Avec son niveau d'exigence, Frank Castorf ne pouvait se contenter d'un Don Juan éclairé, provocateur vis à vis de l'élite et des religions, épine épineuse de la liberté individuelle. Ce qu'il met en avant, c'est l'intemporalité d'un humain mâle dans cette civilisation, notre civilisation née à la Renaissance. Le personnage du fils d'abord, chargé des espoirs d'éternité des ancêtres mâles qui, toujours déçus de leur progéniture trop différente, sont carrément ulcérés par des Don Juan si monstrueusement irrévérencieux. Le personnage du citoyen ensuite, seigneur au siècle de Molière, qui se doit aux "saintes valeurs de la République" comme sermonnaient les tribuns de la Constituante. Un citoyen voulu à la fois modèle et proxénète. Ce citoyen là, Castorf l'explose, toute sa base éthique vole en éclats, que ce soit dans l'absence de solidarité en période de peste, dans le manquement répété à la parole donnée aux femmes comme aux hommes, dans la prudence, dans l'élégance même, du comportement.

Que reste-t-il alors à Don Juan ? La séduction. C'est par elle qu'il est admis et consacré dans l'humanité. Nécessaire et irritant.

 

Dispositif scénique et jeu des acteurs. L'entreprise de Castorf n'est pas facile. Il y faut deux conditions essentielles à la réussite théâtrale : un processus scénique innovant, des acteurs enthousiasmants. Sur ces deux points, il est bien servi.

Reprenant le principe scénographie mis en scène il y a deux ans pour sa Cabale des dévôts au Festival d'Avignon dans ce qui était déjà une quête de Molière, il développe un décor mobile, éclaté en plusieurs scènes dont l'une n'est rien moins qu'un théâtre. Ce procédé, complété de vidéos filmées et projetées en direct, lui permet d'offrir des scènes simultanées, dont certaines principalement visibles sur écran, pour multiplier son Don Juan interprété par deux comédiens en même temps. L'influence de Fassbinder, revendiquée dans sa Cabale, rappelle combien le réalisateur allemand joua et déjoua à sa manière le mythe don juanesque. Il éclate ensuite les dialogues, celui qu'on pense Sganarelle disant du Don Juan à Don Juan et vice-versa.
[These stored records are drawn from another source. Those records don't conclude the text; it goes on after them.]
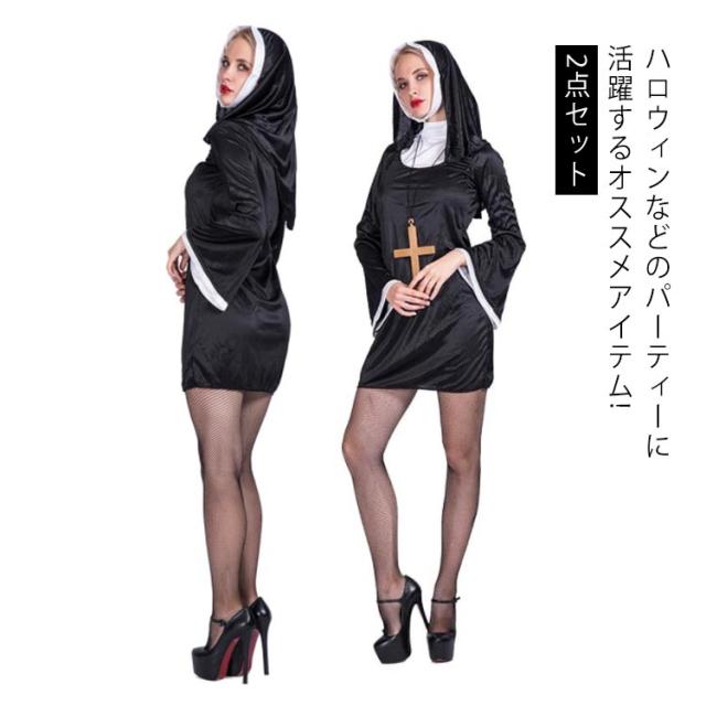2点セット ハロウィン衣装 レディース 修道女 魔女 巫女 コスプレ 悪魔 ワンピース コスチューム 女子 衣装 万聖節 イベント halloween 帽子付き 仮装 チュール ワンピース ハロウィン 仮装 大人用
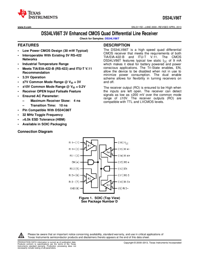DS34LV86TMX/NOPB Quad Receiver RS-422 16-Pin SOIC N T/R
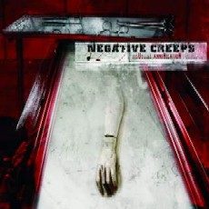 Aufgestellt werden Negative Creeps aus Griechenland, die es schon seit den frühen 90er Jahren gibt, doch erst seit 1998 formte sich so langsam ihre musikalische Identität heraus, die sie liebevoll Satancore nennen. Das soll soviel heißen, dass das Quintett versucht Thrash, Hardcore, Death und Black Metal zu vereinen. Was sich umständlich anhört lässt sich eigentlich bis auf wenige Ausnahmen auf Thrash/Death reduzieren – und der grooved ganz ordentlich, schwer und dunkel. Lieder, wie das gute „Lateral Losses“ oder “Methods of Dissonance“ zeigen, dass hier richtige Könner am Werk sind, doomige Anteile werden durch die bleierne Stimme des Sängers unterstrichen und die Instrument bekommen genug Spielraum mal ihr eigenes Ding durchzuziehen.
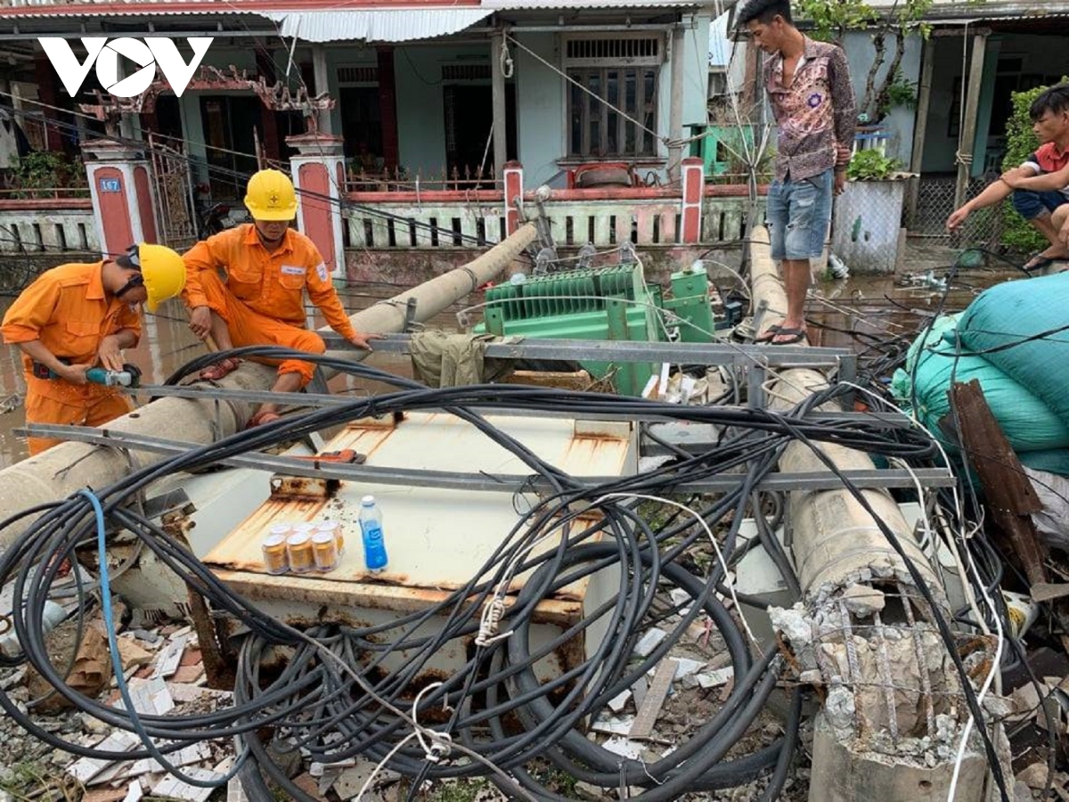 Ông Nguyễn Vinh, Giám đốc Điện lực huyện Hải Lăng, tỉnh Quảng Trị cho biết: “Hiện nay chúng tôi đang tập trung nhân lực khôi phục. Đặc biệt Công ty đã hỗ trợ đội xung kích cùng với điện lực làm thế nào chúng tôi cùng cố gắng khắc phục trong chiều tối hôm nay đóng điện lại phục vụ bà con”.

Enfin les acteurs. Pour dire leur jeu, les mots sont insuffisants. Fabuleux, exubérants, justes. Il faut les voir. Allez les voir.

 

Don Juan de Frank Castorf, d'après Molière. Création au Residenztheater de Munich le 28 juin 2018. Première en France le 1er juin 2019 au Printemps des Comédiens de Montpellier. Avec Bibiane Belau, Nora Buzalka, Marcel Heuperman, Aurel Manthei, Franz Pätzold, Jürgen Stössinger et, en France, Farah O'Briant et Julien Feuillet.